The cherished early morning moments pass quickly. Between gobbling bran and eggs and sipping black coffee at the oak kitchen table, I conducted routine enquires upon my laptop computer, checking email (two separate addresses, one personal, the other for business) and glancing at my bank accounts (to see if anything suspicious had transpired overnight, wary as I am of identity theft and cyber hacking). Apart from the Board meeting I knew I hadn’t much on my agenda today which provided a welcome and less brittle view of the world. At my age the prospect of eternal employment has both its advantages and disadvantages and the balance of either is mercurial.

Now that the new generating station has been built and commissioned, our Board meetings are primarily focused upon day-to-day management and maintenance and counting our money, a giddy amount by any assessment, and a sum over which the Ward councillors are perpetually squabbling. My appointment by the Town to the Board ends December 31, 2012 so my days in what some have labelled an “Old Boys Club” are at last numbered. My retirement will mark twelve years on the Board, an engagement I have enjoyed since the initial deregulation of the hydro industry by the Ontario government. The President, Desmond Houston, will also hit the wall at the same time. He has skilfully guided our Board through some very exciting years in the history of hydro generation in Almonte. Prior to his appointment to the Board, Des had been the Clerk of the Town of Almonte, and I similarly enjoyed the benefit of association with him in that capacity. He is a lesson in lobbying.

After our meeting I sauntered up Mill Street in the cold drizzle, thankful I had worn a heavy wool sweater coat and silk scarf. En route I stopped at the Post Office to check for mail. There was none. It was premature to expect anything before the sorting was completed mid-morning or later. Back at the office I settled into whatever needed doing. To my surprise it was almost eleven o’clock before I surfaced from my immersion in fiddling administrative details. There was some substantive legal work to do throughout the remainder of the day, but nothing significant, mostly just massaging on-going matters, parrying the odd call, and meeting with Clients to explain to them the terms of a trust agreement which I had drafted years ago. I actually welcomed the opportunity and likened the explanation of the instrument to a defence of a thesis. I appreciated the opportunity to illustrate the agreement in light of the issues which had sparked their apprehension. They left satisfied, at least that’s what they said and what their overall appearance betrayed.
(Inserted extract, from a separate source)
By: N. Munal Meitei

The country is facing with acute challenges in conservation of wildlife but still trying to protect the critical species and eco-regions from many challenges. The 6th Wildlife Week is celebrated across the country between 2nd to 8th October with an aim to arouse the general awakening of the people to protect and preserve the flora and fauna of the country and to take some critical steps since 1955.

Lately I have a heightened awareness of what I am doing, everything is oddly more acute. At times the acuity is somewhat of a burden as I feel that I am drowning in minutiae, that somehow I have succeeded in burying myself in detail, but in the end – when I have accomplished the task – I can see that I am merely taking care of business, being alive to the many niceties of a transaction which can easily be unobserved. Because these many elements come flooding upon me, I am sometimes overwhelmed. If nothing else their resolution is time consuming. I have to temper my anxiety by reminding myself that this business of law is not without its delicacy, the perpetual unearthing of which at times distresses me. On the other hand it is the very wearing nature of the work which shortly materializes into absorption and meaningfulness. Finding meaning in life, in anything, is not a given. One doesn’t wish to construct things artificially, nor I suppose is it possible to do so with much success. In the result it lies to the facts to speak for them. As with most realities, the revelation is gradual and hard won.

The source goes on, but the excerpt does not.